In any case, with something like Heaven on the line, Thomas wants to be SURE he gets it right.  He wants to know the way to get to Heaven and he isn’t going to let Jesus get away with saying that he already knows it, because Thomas is sure he doesn’t!  This reminds me so much of myself.  I desperately want to know the things I need to do to be acceptable to God.  So often, I think that we convey messages to people when they come to Christ.  At first the message is simple:  “Believe in Jesus; ask him to forgive you and to live in you.”  Pretty soon, though, things start getting added on—get involved in a local church, have a quiet time, witness to people, tithe 10%.  It isn’t that any of these things are bad, but it is so easy to fall into the thinking that these are the requirements for being acceptable to God.  I think Thomas might have been looking for some simple rules like that, but Jesus blew the whole notion of acceptance by works right out of the water with one simple statement, “I am the way and the truth and the life.”

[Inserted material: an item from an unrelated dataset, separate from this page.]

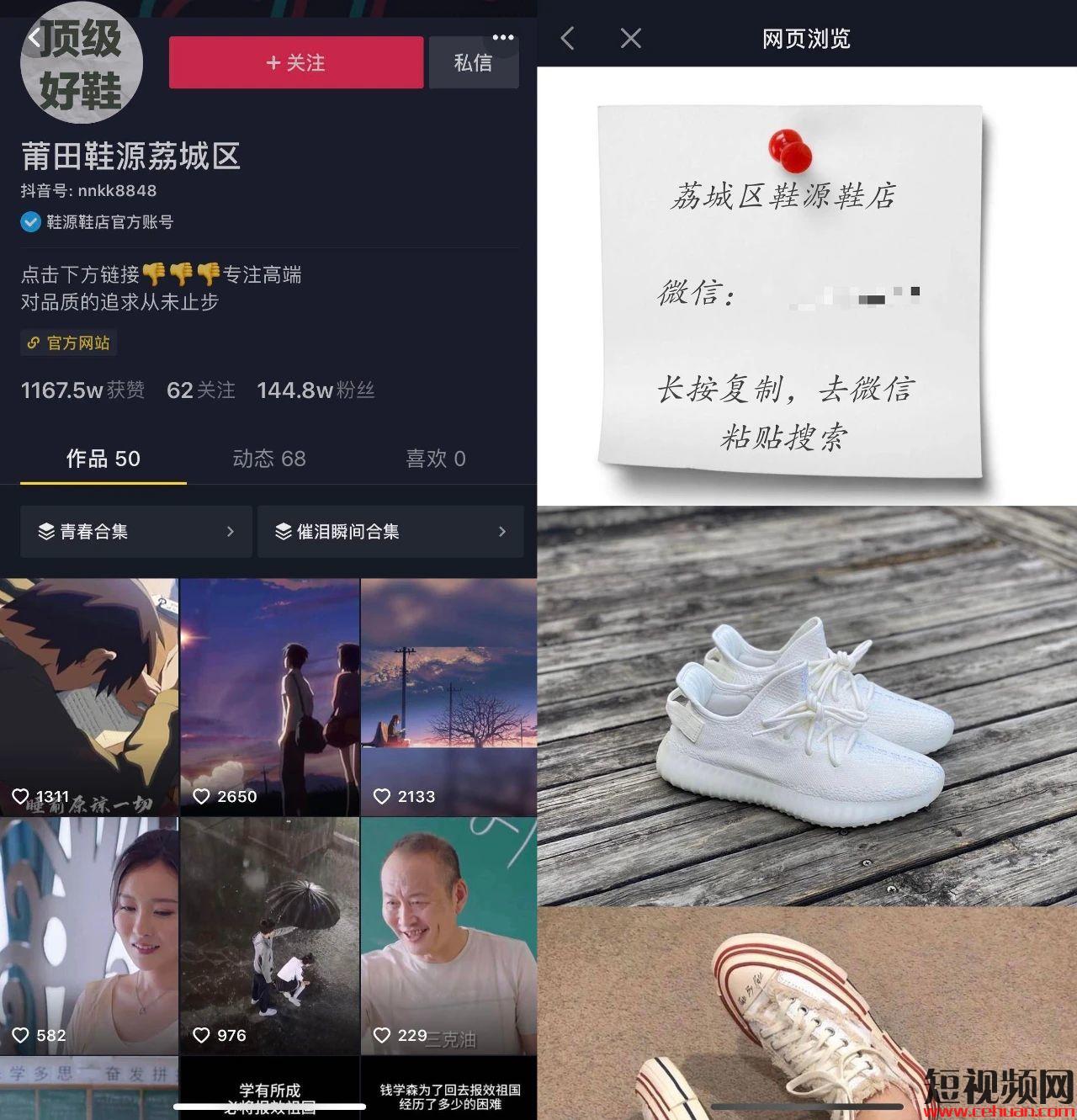 這些視頻流量不大,但阿西認為“夠了”:帶貨能力強就可以,營銷陣地變了,不變的是,高仿潮鞋灰色鏈條中,福建莆田還是最有優(yōu)勢。仿鞋作坊會買正版鞋拆開研究,一比一仿造,他這樣的“中間商”則通過招募下線的代發(fā)模式從中賺取差價。 當(dāng)然,引流也有一定的技巧,抖音上一位名叫“莆田鞋源荔城區(qū)”的博主通過發(fā)布劇情類、熱門BGM等視頻內(nèi)容,至今已經(jīng)收獲了140萬粉絲。這位博主是借主頁鏈接中的微信號引流。

narrow wayThe way to Heaven is not some set of rules, it is Jesus Christ.  The truth is not some set of beliefs, it is Jesus Christ.  Eternal life is not some place that we get to by following the rules, it is Jesus Christ.  Everything is wrapped up in a person, a relationship.  When we find and latch on to Jesus, we have found the way and the truth and the life.  Jesus was saying to his disciples that they had already found the thing they were searching for, or more accurately, he had found them.  It is our man-made systems that start piling more stipulations on, but Jesus didn’t do that.  I’m not saying that what we believe or do isn’t important, just that they aren’t the way to eternal life.

What really used to bug me about this passage was that Jesus had to be so arrogant and exclusive.  I wouldn’t have minded at all if he had said, “I am a way, a truth, and a life.  I am one of the ways you can get to the Father.”  Let’s think about this, though.  If there are many ways to God, then Jesus would certainly be out of line to say what he said.  Imagine, though, that you are trapped in a maze and there is only one path to the exit (though you don’t know that).  Now imagine that you meet two people.  One nods affirmingly when you say the direction you have chosen and perhaps gives you a few pointers about making decisions farther on in the maze.  The other says, “There is only one way to get to the exit.  Follow me, and I’ll take you there.”  He then starts to lead you in the exact opposite direction that you thought you needed to go.  Which of these two is kinder and more loving?  The first would seem so.  In the same way, I loved the tolerance of my self-made religion.  The trouble was, it didn’t get me out of the maze.

You may be saying, “This sounds good, but what do I do?  How do I grab hold of Jesus?”  Maybe you don’t have to.  Maybe it’s enough to ask him to grab hold of you.  Have you ever told Jesus you are willing for him to do whatever it takes to bring you close to him?  Have you asked him to do it?  If our greatest desire in life is to be close to Jesus, we will end up satisfied.  It may take time, and it undoubtedly won’t always be a smooth ride, but we will arrive.   Why?  Because he is the way and the truth and the life.